(Records from a collection)
= Beginning of Section =

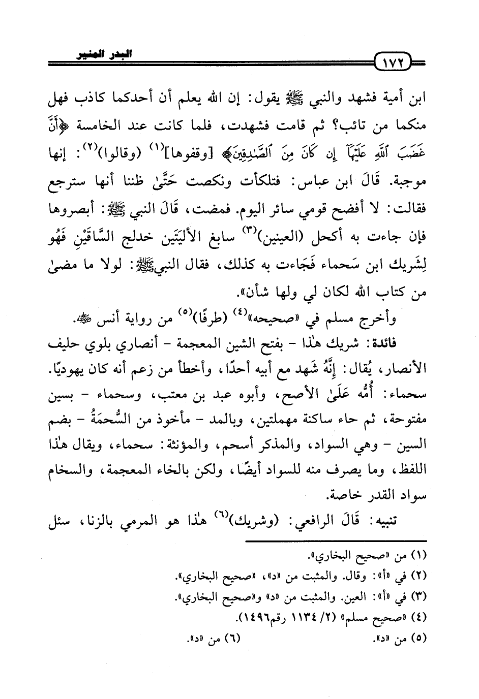بن أُميَّة فَشهد وَالنَّبِيّ - صَلَّى الله عَلَيْهِ وَسلم - يَقُول: إِن الله يعلم أَن أَحَدكُمَا كَاذِب فَهَل مِنْكُمَا من تائب؟ ثمَّ قَامَت فَشَهِدت، فَلَمَّا كَانَت عِنْد الْخَامِسَة (أَن غضب الله عَلَيْهَا إِن كَانَ من الصَّادِقين ( [وقفوها] (وَقَالُوا) : إِنَّهَا مُوجبَة. قَالَ ابْن عَبَّاس: فتلكأت وَنَكَصت حَتَّى ظننا أَنَّهَا سترجع فَقَالَت: لَا أفضح قومِي سَائِر الْيَوْم. فمضت، قَالَ النَّبِي - صَلَّى الله عَلَيْهِ وَسلم -: أبصروها فَإِن جَاءَت بِهِ أكحل (الْعَينَيْنِ) سابغ الأليتَيَن خَدلج السَّاقَيْنِ فَهُو لِشَريك ابْن سَحماء فَجَاءت بِهِ كَذَلِك، فَقَالَ النَّبِي - صَلَّى الله عَلَيْهِ وَسلم -: لَوْلَا مَا مَضَى من كتاب الله لَكَانَ لي وَلها شَأْن» .
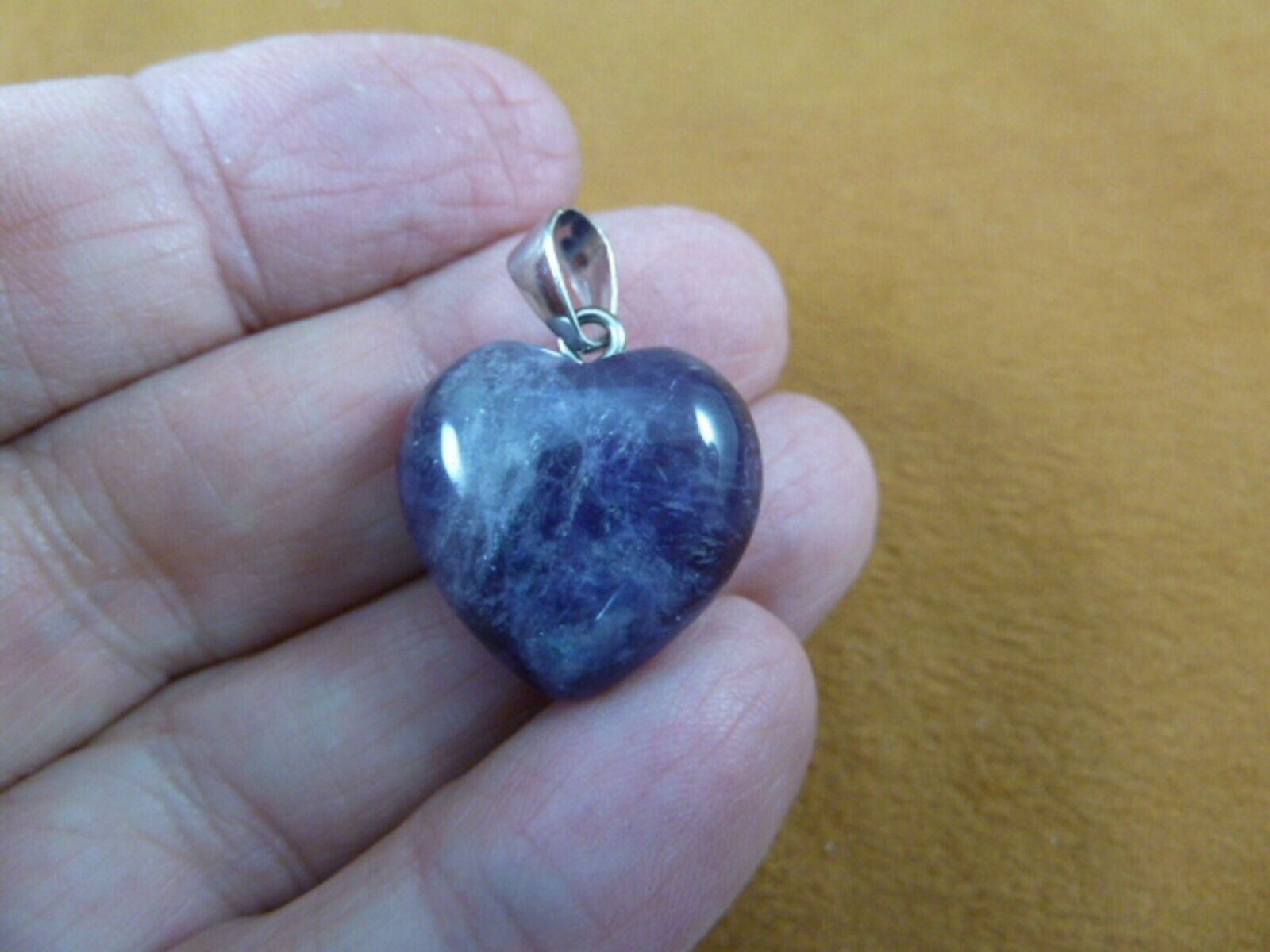 (Internal #J-HEA-10) Excellent heart shaped pendant in natural PURPLE AMETHYST CRYSTAL gemstone, heart is fully 3D; 3/4" wide x 3/4" high x 1/4" thick, Sterling loop.
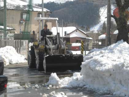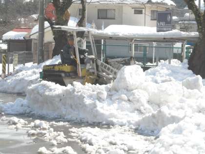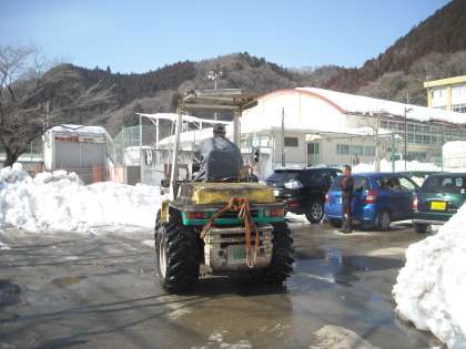 用務員のお知り合いの建設会社が陣馬街道の除雪をしていたので、お願いして入り口脇だけを除雪してもらいました。
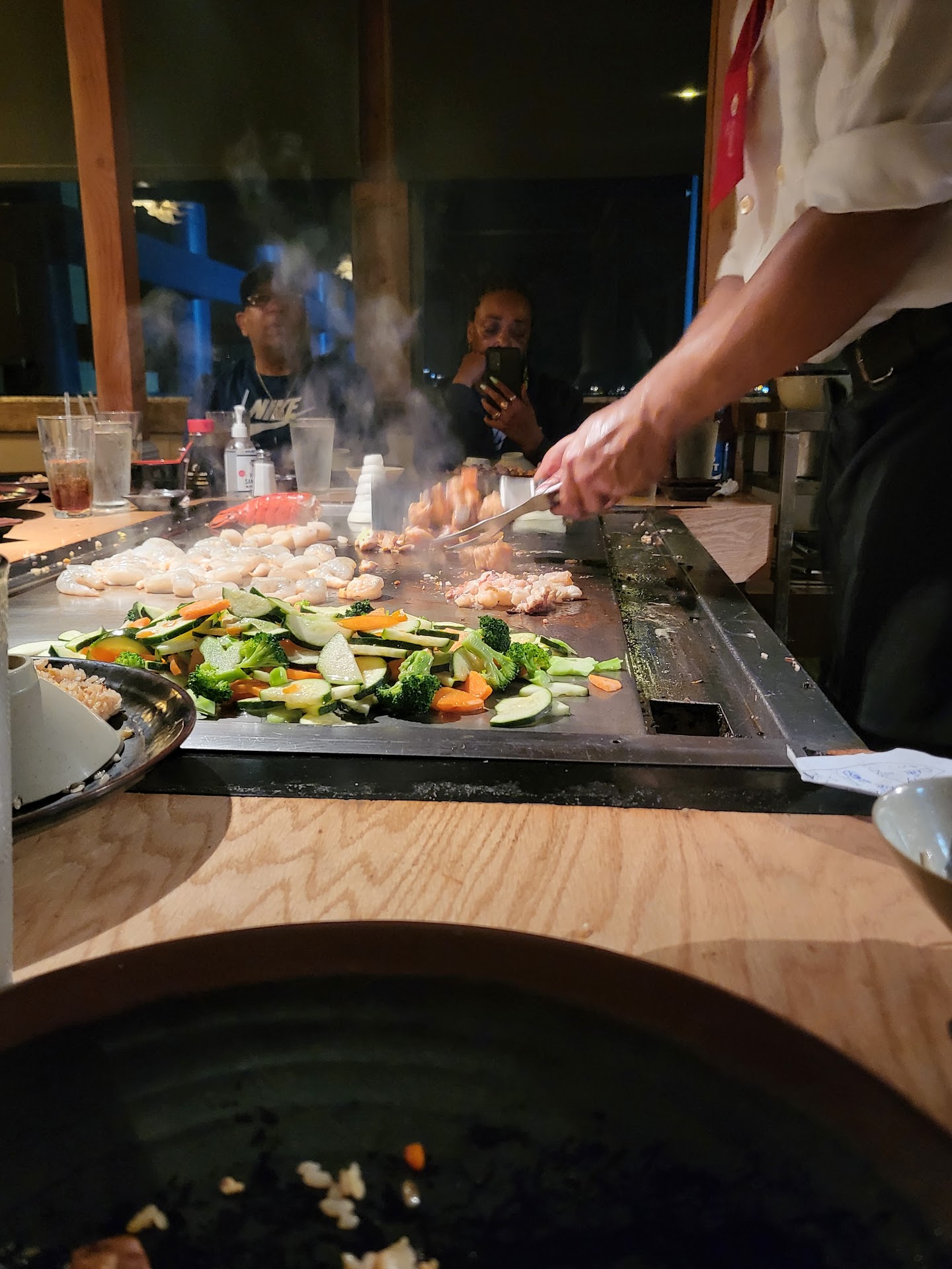 We showed up for our 6:30 reservation and was seated at the grill table even though we did not ask for it. By 7:00, I went to the front to ask where our server was. I should have trusted my instincts and left but said it was an experience I should give a try. The young host at the front acted like he was surprised caused he assumed we wanted the grill table. I explained that we just wanted to order so he said we could move to the tables by the bar if we prefer and moved we did. We picked up our water, menu and whatever patience we had left and got ourselves a table by the bar. Interesting enough, the bartender took our order within 5 minutes. We ordered the hibachi dinner of ribeye steak, jumbo shrimp and salmon and a beer. By the time we got our food, I was telling myself that I would never ever return to this place. I canāt think of what to describe regarding the food because it was just that. I think the chef or whoever was cooking in the kitchen had a bottle of salt, bottle of pepper, butter and some lemon wedges to work with. All three dishes tasted the same in terms saltiness, grease and sourness. Veggies were soaked in oil and overcooked. Thank god the lights were dimmed because I canāt imagine how dirty the place was if it was bright. Decorations were from the 80s and the place smelled of wet and old carpet. Our bill totaled $112 with $16 tips. After reading other reviews, everything made sense, why we were seated at the grill table instead of the few empty tables by the bar. Any person seated at the grill table was charged the extra 18% gratuity for the chef on top of your tips. Since there were only 3 of us, we had to wait until our table fills up before a chef shows up. Hence, we were left sitting there without a server from 6:30 to 7:00pm. The host who initially acted like he was sorry for the mixup was a weasel who knew exactly what he was doing. He was following the establishment protocol which was to fill up the grill tables regardless. They really should explain to customers the difference and let the customers decide where to sit. The whole thing feels dirty. One star to get this...
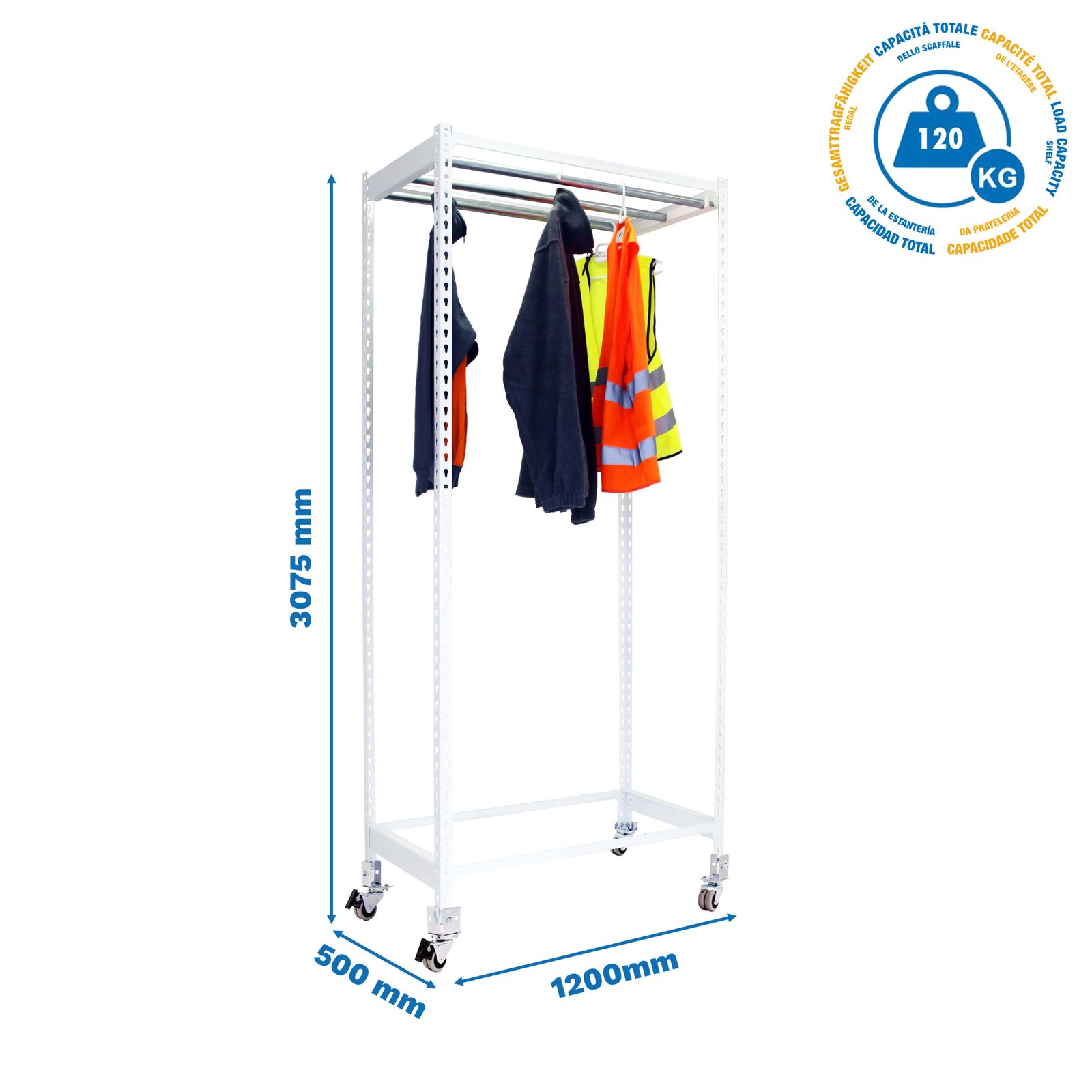 Estanteria metalica para prenda colgada de color blanco. Con ruedas. El numero de colgadores por modulo es de 3. Tiene una capacidad de carga por estante de 25 kg y una capacidad total de 75 kgs. Con unas medidas en mm de 3000x1200x500. Fabricada en Europa por Simonrack y se monta rapido siguiendo las instrucciones
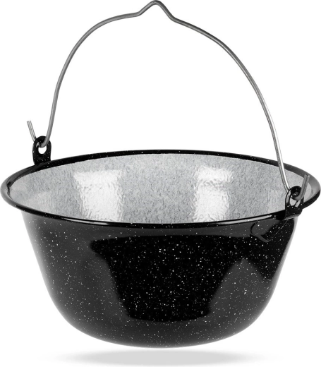 A hagyományos zománcozott bogrács 36 cm átmérővel és 9,5 l űrtartalommal alkalmas főzésre, párolásra, sütésre és pirításra nyílt tűz fölött, grillen vagy háromlábon. A minőségi, vastag falú acél fekete-fehér zománcozással hosszú élettartamot és könnyű karbantartást biztosít. A bográcsban készített ételek összetéveszthetetlen ízűek és illatúak.
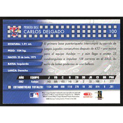 This is a 2003 Donruss Estrellas Carlos Delgado baseball card. The card is #100 and pictures show condition.
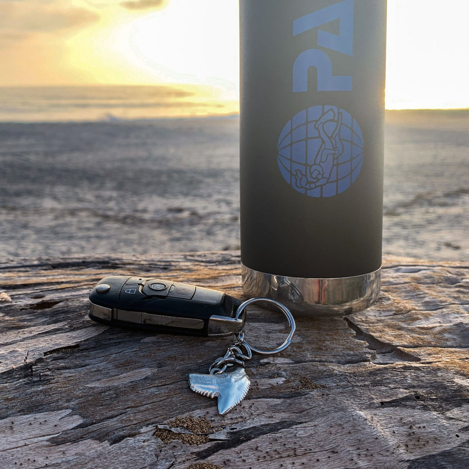 Chances are, if you are a shark diver, you are familiar with the most well-known tiger shark in the world: Emma. Whether you’ve met her already, or just hope to, you’ll love this key chain is cast from a real tooth she lost at Tiger Beach, Bahamas. Makes a great key chain, bag charm, or zipper pull.

= End of Section =

Required work »
Your answer must be an exact repeat of the records above, with the pictures left out.

Response below »
بن أُميَّة فَشهد وَالنَّبِيّ - صَلَّى الله عَلَيْهِ وَسلم - يَقُول: إِن الله يعلم أَن أَحَدكُمَا كَاذِب فَهَل مِنْكُمَا من تائب؟ ثمَّ قَامَت فَشَهِدت، فَلَمَّا كَانَت عِنْد الْخَامِسَة (أَن غضب الله عَلَيْهَا إِن كَانَ من الصَّادِقين ( [وقفوها] (وَقَالُوا) : إِنَّهَا مُوجبَة. قَالَ ابْن عَبَّاس: فتلكأت وَنَكَصت حَتَّى ظننا أَنَّهَا سترجع فَقَالَت: لَا أفضح قومِي سَائِر الْيَوْم. فمضت، قَالَ النَّبِي - صَلَّى الله عَلَيْهِ وَسلم -: أبصروها فَإِن جَاءَت بِهِ أكحل (الْعَينَيْنِ) سابغ الأليتَيَن خَدلج السَّاقَيْنِ فَهُو لِشَريك ابْن سَحماء فَجَاءت بِهِ كَذَلِك، فَقَالَ النَّبِي - صَلَّى الله عَلَيْهِ وَسلم -: لَوْلَا مَا مَضَى من كتاب الله لَكَانَ لي وَلها شَأْن» .
 (Internal #J-HEA-10) Excellent heart shaped pendant in natural PURPLE AMETHYST CRYSTAL gemstone, heart is fully 3D; 3/4" wide x 3/4" high x 1/4" thick, Sterling loop.
 用務員のお知り合いの建設会社が陣馬街道の除雪をしていたので、お願いして入り口脇だけを除雪してもらいました。
 We showed up for our 6:30 reservation and was seated at the grill table even though we did not ask for it. By 7:00, I went to the front to ask where our server was. I should have trusted my instincts and left but said it was an experience I should give a try. The young host at the front acted like he was surprised caused he assumed we wanted the grill table. I explained that we just wanted to order so he said we could move to the tables by the bar if we prefer and moved we did. We picked up our water, menu and whatever patience we had left and got ourselves a table by the bar. Interesting enough, the bartender took our order within 5 minutes. We ordered the hibachi dinner of ribeye steak, jumbo shrimp and salmon and a beer. By the time we got our food, I was telling myself that I would never ever return to this place. I canāt think of what to describe regarding the food because it was just that. I think the chef or whoever was cooking in the kitchen had a bottle of salt, bottle of pepper, butter and some lemon wedges to work with. All three dishes tasted the same in terms saltiness, grease and sourness. Veggies were soaked in oil and overcooked. Thank god the lights were dimmed because I canāt imagine how dirty the place was if it was bright. Decorations were from the 80s and the place smelled of wet and old carpet. Our bill totaled $112 with $16 tips. After reading other reviews, everything made sense, why we were seated at the grill table instead of the few empty tables by the bar. Any person seated at the grill table was charged the extra 18% gratuity for the chef on top of your tips. Since there were only 3 of us, we had to wait until our table fills up before a chef shows up. Hence, we were left sitting there without a server from 6:30 to 7:00pm. The host who initially acted like he was sorry for the mixup was a weasel who knew exactly what he was doing. He was following the establishment protocol which was to fill up the grill tables regardless. They really should explain to customers the difference and let the customers decide where to sit. The whole thing feels dirty. One star to get this...
 Estanteria metalica para prenda colgada de color blanco. Con ruedas. El numero de colgadores por modulo es de 3. Tiene una capacidad de carga por estante de 25 kg y una capacidad total de 75 kgs. Con unas medidas en mm de 3000x1200x500. Fabricada en Europa por Simonrack y se monta rapido siguiendo las instrucciones
 A hagyományos zománcozott bogrács 36 cm átmérővel és 9,5 l űrtartalommal alkalmas főzésre, párolásra, sütésre és pirításra nyílt tűz fölött, grillen vagy háromlábon. A minőségi, vastag falú acél fekete-fehér zománcozással hosszú élettartamot és könnyű karbantartást biztosít. A bográcsban készített ételek összetéveszthetetlen ízűek és illatúak.
 This is a 2003 Donruss Estrellas Carlos Delgado baseball card. The card is #100 and pictures show condition.
 Chances are, if you are a shark diver, you are familiar with the most well-known tiger shark in the world: Emma. Whether you’ve met her already, or just hope to, you’ll love this key chain is cast from a real tooth she lost at Tiger Beach, Bahamas. Makes a great key chain, bag charm, or zipper pull.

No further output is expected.